Delayed-Branch-Slot Optimization and the Result

Background

 An Instruction Set Simulator (ISS) is a program that takes stream of target instructions and simulates the effects of execution of the code stream on a host machine. Usually the target and the host are of different architectures, but nothing prevents you from running a, say, x86 simulator on a PC. Base on this definition, an ISS is nothing but an ordinary interpreter, and from the fact that it interprets machine code instead of high level languages, hence freeing from lexical analysis, parsing, byte-code compilation, garbage collection…, etc., all sorts of complications one normally finds in modern high level language interpreters, it seems that an ISS is a trivial (often labor-intensive though) construct to make.

 Well, not quite so…

 The tricky thing is that you want your simulator runs fast, really fast. A naive implementation with a central “read-evaluate-loop” structure could hardly exceed the speed of interpreting over 10 million target instructions per second (MIPS). While 10 MIPS may be okay for running standalone, user-mode applications, it is hardly enough for running an OS, which easily takes billions of instructions just to boot up.

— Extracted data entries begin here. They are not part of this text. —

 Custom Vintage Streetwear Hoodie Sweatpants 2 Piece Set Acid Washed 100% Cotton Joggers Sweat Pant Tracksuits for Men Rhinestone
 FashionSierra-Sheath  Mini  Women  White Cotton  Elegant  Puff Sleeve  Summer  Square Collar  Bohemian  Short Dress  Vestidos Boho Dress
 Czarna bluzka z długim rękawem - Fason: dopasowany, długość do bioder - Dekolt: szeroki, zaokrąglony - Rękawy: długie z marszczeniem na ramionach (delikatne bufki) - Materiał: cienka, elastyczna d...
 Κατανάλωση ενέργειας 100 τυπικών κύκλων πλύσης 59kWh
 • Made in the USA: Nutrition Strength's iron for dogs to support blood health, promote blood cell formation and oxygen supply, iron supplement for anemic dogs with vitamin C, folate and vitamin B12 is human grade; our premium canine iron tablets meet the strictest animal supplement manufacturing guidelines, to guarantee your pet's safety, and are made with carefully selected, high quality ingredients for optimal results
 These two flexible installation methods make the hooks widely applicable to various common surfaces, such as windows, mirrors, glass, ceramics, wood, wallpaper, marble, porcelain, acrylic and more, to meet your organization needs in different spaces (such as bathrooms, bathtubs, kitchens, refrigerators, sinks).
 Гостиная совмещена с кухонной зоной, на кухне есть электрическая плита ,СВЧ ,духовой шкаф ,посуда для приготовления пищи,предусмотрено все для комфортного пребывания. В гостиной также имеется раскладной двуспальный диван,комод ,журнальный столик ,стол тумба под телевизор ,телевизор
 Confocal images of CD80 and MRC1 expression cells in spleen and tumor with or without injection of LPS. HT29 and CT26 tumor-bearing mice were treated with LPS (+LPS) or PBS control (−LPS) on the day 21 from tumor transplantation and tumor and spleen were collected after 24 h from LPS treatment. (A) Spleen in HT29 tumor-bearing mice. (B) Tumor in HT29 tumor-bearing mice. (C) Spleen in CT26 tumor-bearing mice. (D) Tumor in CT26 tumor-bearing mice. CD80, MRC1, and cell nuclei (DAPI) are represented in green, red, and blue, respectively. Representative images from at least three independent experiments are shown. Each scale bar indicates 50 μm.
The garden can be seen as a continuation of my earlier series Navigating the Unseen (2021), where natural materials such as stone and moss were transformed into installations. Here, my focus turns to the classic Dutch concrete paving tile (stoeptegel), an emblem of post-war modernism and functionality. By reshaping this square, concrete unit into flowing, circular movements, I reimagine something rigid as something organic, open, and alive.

 Threaded-code is an elegant control structure that strike at a sweet point of balance between implementation complexity and run-time efficiency. A threaded-code ISS with is capable of running system level code at about 100 MIPS with full accuracy at the instruction level.

 This is the technique we actually adopted in developing an ISS for a RISC processor. While happy with the end performance, we want to see if we can squeeze more runtime efficiency out of it. One thing that made me feel less satisfactory in our implementation was the way we coped with branch delay slot.

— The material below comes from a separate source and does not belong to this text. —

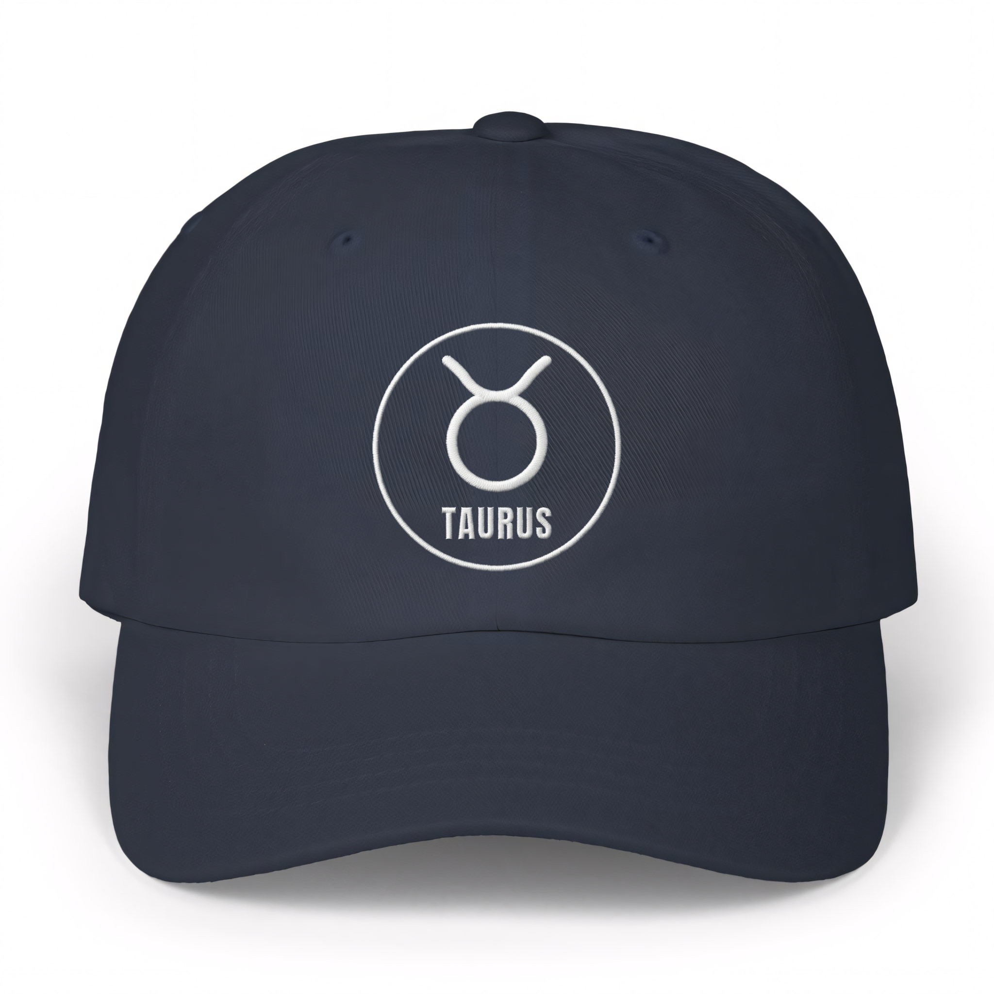 This hat features a crisp white embroidered design of the iconic Taurus zodiac symbol, elegantly encircled with the word 'TAURUS' underneath, all set against a classic dad cap. The Taurus symbol, represented by the bull, embodies traits like strength, stability, reliability, and a grounded nature. Governed by Venus, it also speaks to an appreciation for beauty and comfort. This design is a subtle yet powerful statement piece for those who identify with the enduring spirit of Taurus, making it a meaningful accessory for any wardrobe.
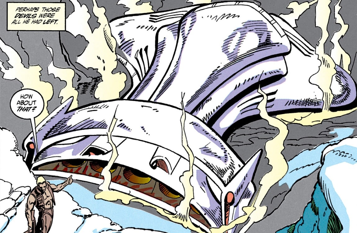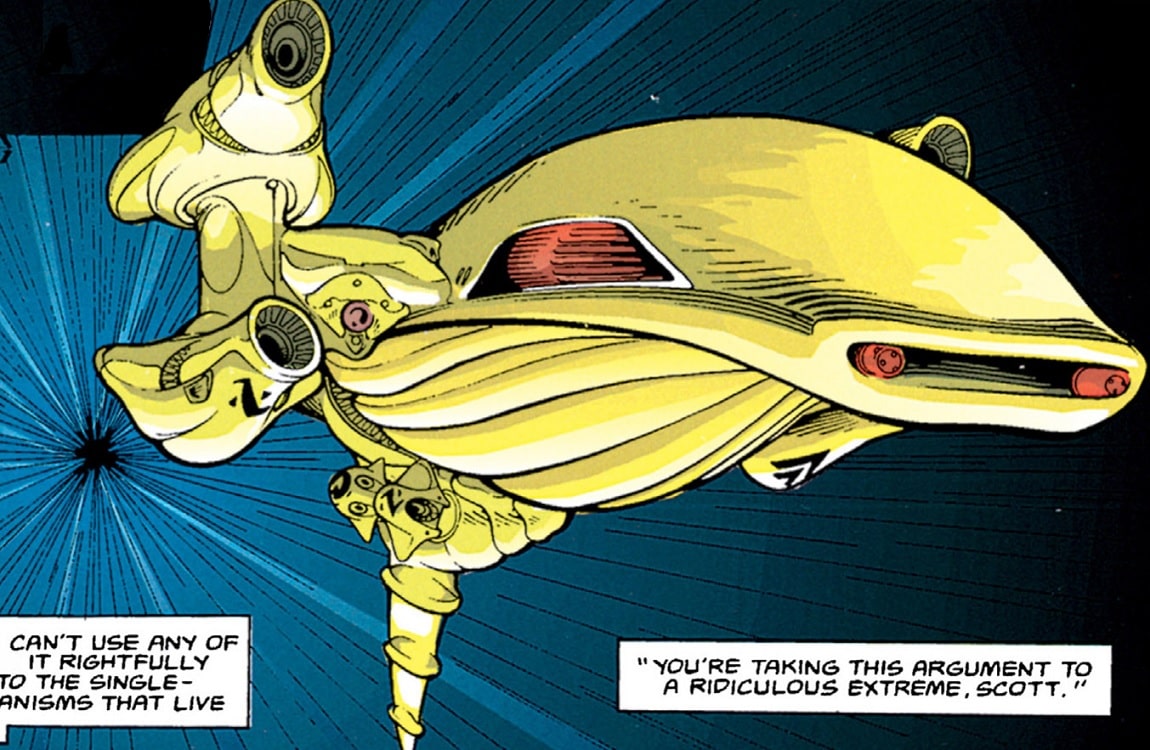The JLA vs. Predator crossover comic introduced Meta Predators, a group of hybrid Yautja who had taken over some of the abilities of JLA members. One Predator had the power of Plastic Man, and somehow this allowed him to transform into a fighter plane, chasing down the real Plastic Man (also in the shape of a plane) around Venice. It actually managed to do a good job of fast maneuvering and had powerful guns, but this was by far the most ridiculous Predator ship design by date.

 Conceptually, processor executes instructions sequentially, one following another, until it reaches a branch or jump instruction, where it branches to an effective address other than the one following it. However, in some RISC machines, to better use of the pipeline structure, branching is delayed after the execution of the instruction immediately following it. The position following the branch instruction is called the branch delay slot. This is one of the few occasions where hardware natures becoming visible to programmers.

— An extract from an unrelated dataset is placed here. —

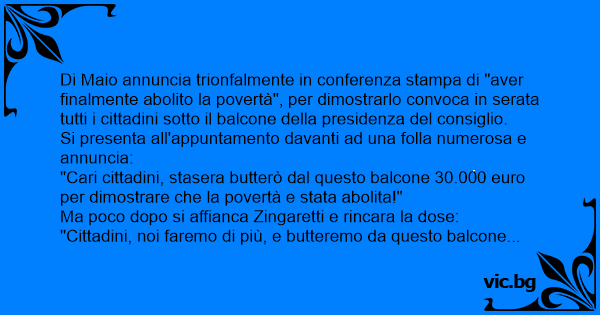 Di Maio annuncia trionfalmente in conferenza stampa di "aver finalmente abolito la povertà", per dimostrarlo convoca in serata tutti i cittadini sotto il balcone della presidenza del consiglio.
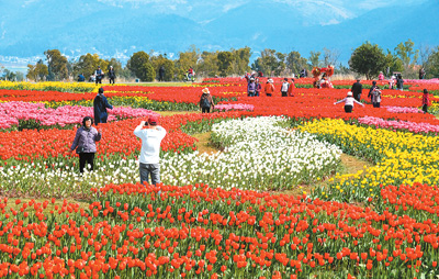 近日,云南省红河哈尼族彝族自治州弥勒市太平湖景区郁金香花竞相绽放,呈现美丽的春日画卷,吸引众多游客前来观赏。图为2月10日,游客在太平湖景区赏花游玩。

 One way to simulate this behavior -- perhaps the most obvious one -- is to keep a Boolean valued flag, whose value is set by every branch/jump instruction (if the branch/jump is taken), and cleared otherwise. This flag is checked at the end of the service routine of every normal instruction. If it is set, we jump to a pre-calculated target address; if it is not, we simple increase the instruction pointer and move on to the next instruction.

 A slightly better solution that can do away with the conditional statement associated with the Boolean flag is to maintain two instruction pointers, ip and next_ip at the same time, so that we always jump to the address pointed to by next_ip after the execution of every instruction.

 Both of these two solutions use an auxiliary variable to simulate the correct execution flow of the processor in the presence of branch delay slot. In either case, a runtime overhead is added for every normal instruction, even though most instructions do not locate in the delay slot.

 Can we do better?

Idea for Optimization

 It did not take long before I realized that whether an instruction locates in a delayed slot is a matter that can be resolved in the decoding phase, e.g., it is independent of the state of the processor. Hence for each instruction that may possibly reside in the delayed slot, we create two specialized intermediate form instructions. The instruction service routines of the two specialized forms have most of their interpretative code in common but have different dispatching semantics. Instructions that do not locate in delayed slot will simply increase the instruction pointer and jumping to the instruction service routine of the next instruction. Instructions that locates in the delayed slot in general must check if the branch was taken (for conditional branch/jump instructions) and if so, set the instruction pointer to the target address calculated by the previous branch/jump instruction and transfer control to the service routine of the instruction at that address. If the branch is not taken, the behavior is the same as those that do not locates in the delayed slot.

 In essence, this is another application of the instruction specialization optimization technique typically found in instruction set simulators where an intermediate form of decoded instructions are utilized to avoid decoding the same stream of instructions over and over again. The difference is, in this case, instead of specializing on the bit pattern of an individual instruction group, we specialize over the spatial position of individual instructions relative to special (branch/jump) instructions.

Implementation

 Once the idea is clear, the implementation is quite straight forward.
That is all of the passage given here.